The role focuses on platform lifecycle management, day-2 operations, incident response, and operational excellence, ensuring that customer-facing Web UIs and APIs remain available, performant, and secure 24/7.
The Platform Engineer acts as a technical custodian of the platform, providing a stable foundation on which service teams can safely deploy and operate their workloads.
Primary Objectives
- Maintain platform availability and reliability in accordance with SLOs/SLAs
- Ensure operational readiness of all environments (DEV / TEST / ACC / PROD)
- Provide 24/7 operational coverage for critical platform services (via on-call)

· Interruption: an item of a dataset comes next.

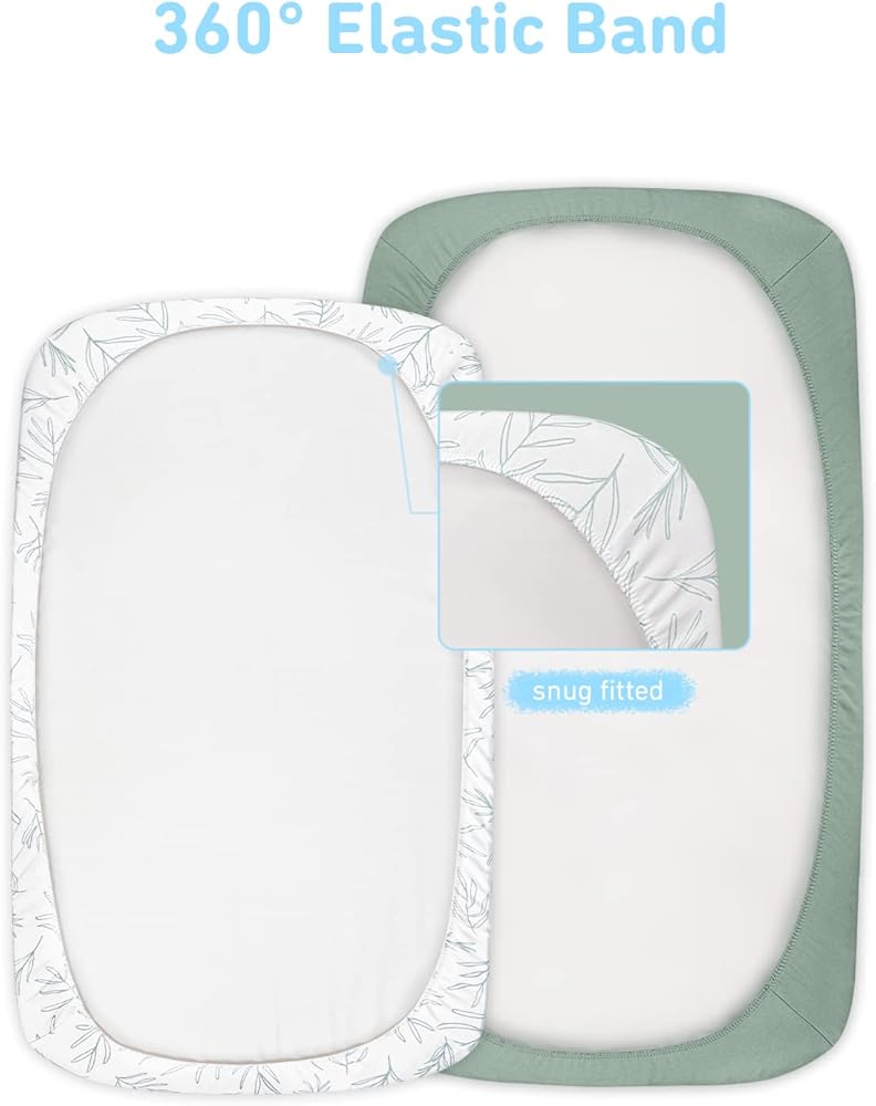 ملاءات سرير الأطفال المثبتة: تتميز بشريط مطاطي، ملاءات سرير الأطفال مرنة تناسب مراتب سرير الأطفال القياسية 28 انش × 52 انش ومراتب سرير الأطفال الصغار، سمك المرتبة يصل إلى 7 انش. شريط مطاطي حول الحافة بأكملها لملاءمة محكمة وآمنة.

- Ensure the platform is observable, secure, well-controlled and documented
- Execute platform changes, upgrades, and maintenance in a predictable and low-risk manner
Key Responsibilities
Kubernetes & Runtime Operations
- Operate Kubernetes primitives and platform add-ons:
- Ingress controllers
- Service discovery
- Workload identity
- Troubleshoot Kubernetes-related failures:
- Pod lifecycle issues
- Networking problems
- Resource starvation
- Controlled rollouts with rollback plans
Reliability & 24/7 Incident Response
- Participate in the 24/7 on-call rotation for critical services (incident responder)
- Lead or contribute to:
- Incident triage and mitigation
- Root Cause Analysis (RCA)
- Post-incident action tracking and follow-up
- Maintain and improve runbooks and operational procedures
Observability & Monitoring
- Operate (and use) the open-source observability platform
- Ensure effective observability across the platform:
- Metrics, logs, and distributed traces
- Actionable alerts
- Reduced false positives
- Support incident analysis through correlation and telemetry inspection
Change, Release & Maintenance Management
- Plan and execute platform changes
- Follow structured change management practices
- Stakeholder communication
- Ensure platform changes are documented and auditable
Security & Compliance (Operational Focus)
- Operate platform security controls:
- RBAC
- Network boundaries
- Secret management
- Apply security updates and patches to platform components
- Support vulnerability remediation efforts
- Provide operational evidence for audits and security reviews
Automation & Operational Improvement
- Automate repetitive operational tasks where appropriate
- Reduce operational risk through standardization and documented procedures
- Platform as Code approach (GitOps)
Requirements
Technical Skills
Kubernetes (Deep Production Expertise)
- Multi-cluster architecture & lifecycle management
- RBAC & least-privilege design
- Network policies & traffic segmentation
- Stateful workloads & storage strategy (CSI, PV/PVC)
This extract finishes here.